* TRY IT *
Starting with the line that contains "Het aantal atlasblokken", copy each line exactly through the end of the listing, and omit all pictures.

* EXERCISE DATA *
##############################

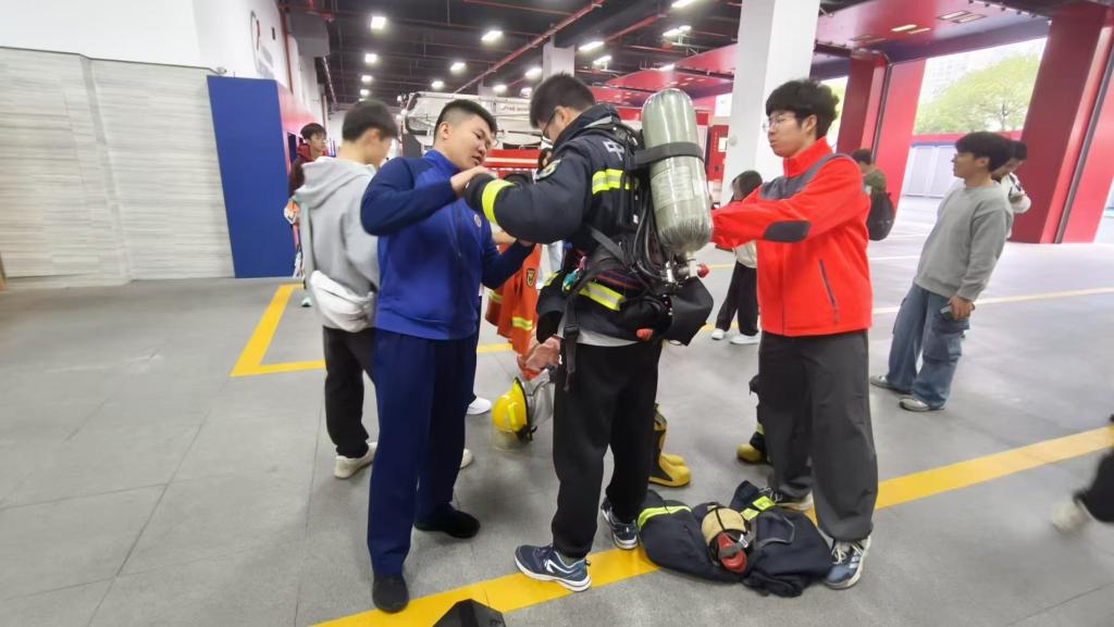 活动中,消防员带领同学们参观了消防车辆、高压水枪、破拆工具等专业救援装备,通过实物讲解与互动体验,让大家直观了解器材功能和使用。同学们还参观了消防员营区和荣誉室,在消防战斗服穿戴环节,大家深刻体会到了消防员工作的艰辛,并对消防员们产生了由衷的敬意。在消防安全座谈会上,消防员结合高校实际,通过真实案例重点讲解实验室、宿舍的防火要点及应急逃生技巧,现场互动积极,员工们纷纷表示收获颇丰。
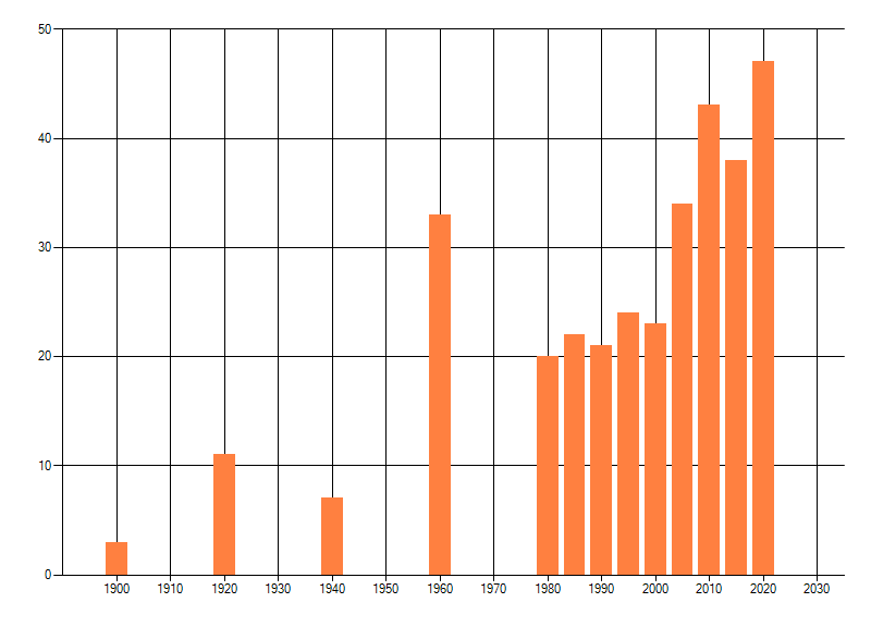 Het aantal atlasblokken (5x5 km) waarin de soort is gemeld binnen een periode van vijf jaar (vanaf 1980) of twintig jaar. Niet gecorrigeerd voor waarnemersinspanning en het aantal doorgegeven waarnemingen kan sterk variëren per periode, dus een trend in verspreiding kan hier niet direct uit worden afgelezen. Het opgegeven jaartal is het eerste jaar van de periode. Bron: gevalideerde waarnemingen uit de NDFF.
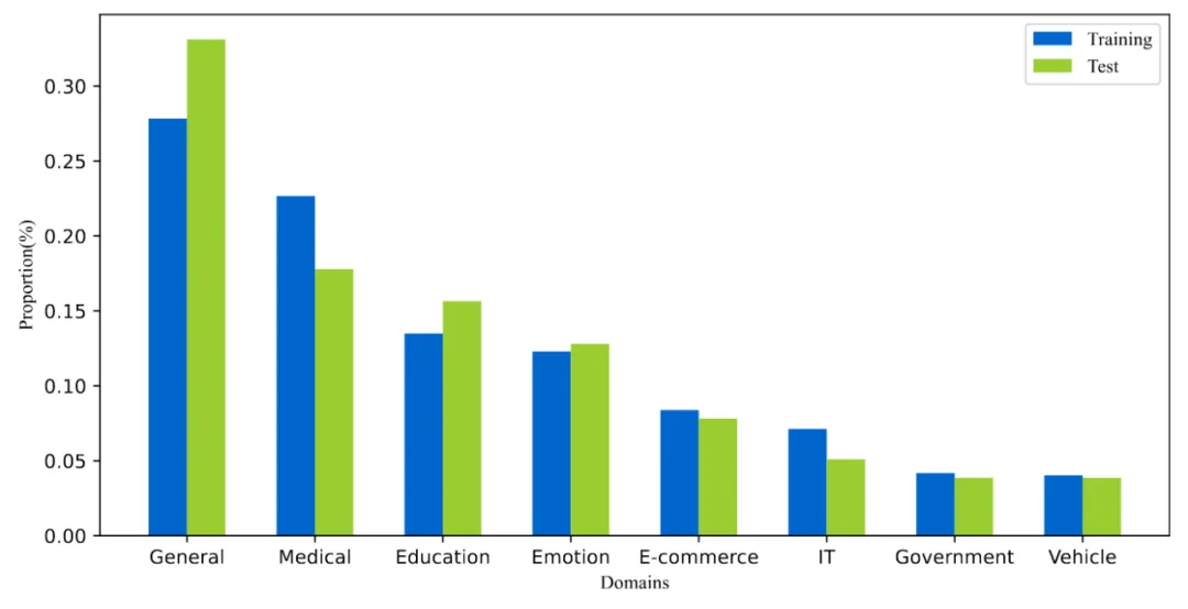T2Ranking 由超过 30 万的真实查询和 200 万的互联网段落构成。其中,训练集包含约 25 万个查询词,测试集包含约 5 万个查询词。查询词长度最长为 40 个字符,平均长度在 11 个字符左右。同时,数据集中的查询词覆盖了多个领域,包括医药、教育、电商等,我们也计算了查询词的多样性分数(ILS),与已有数据集相比,我们的查询多样性更高。采样的 230 多万个段落来源于 175 万个文档,平均每个文档被分割为了 1.3 个段落。在训练集中,平均每个查询词有 6.25 个段落被人工标注,而在测试集中,平均每个查询词有 15.75 个段落被人工标注。

##############################

* ANSWER AREA *
 Het aantal atlasblokken (5x5 km) waarin de soort is gemeld binnen een periode van vijf jaar (vanaf 1980) of twintig jaar. Niet gecorrigeerd voor waarnemersinspanning en het aantal doorgegeven waarnemingen kan sterk variëren per periode, dus een trend in verspreiding kan hier niet direct uit worden afgelezen. Het opgegeven jaartal is het eerste jaar van de periode. Bron: gevalideerde waarnemingen uit de NDFF.
T2Ranking 由超过 30 万的真实查询和 200 万的互联网段落构成。其中,训练集包含约 25 万个查询词,测试集包含约 5 万个查询词。查询词长度最长为 40 个字符,平均长度在 11 个字符左右。同时,数据集中的查询词覆盖了多个领域,包括医药、教育、电商等,我们也计算了查询词的多样性分数(ILS),与已有数据集相比,我们的查询多样性更高。采样的 230 多万个段落来源于 175 万个文档,平均每个文档被分割为了 1.3 个段落。在训练集中,平均每个查询词有 6.25 个段落被人工标注,而在测试集中,平均每个查询词有 15.75 个段落被人工标注。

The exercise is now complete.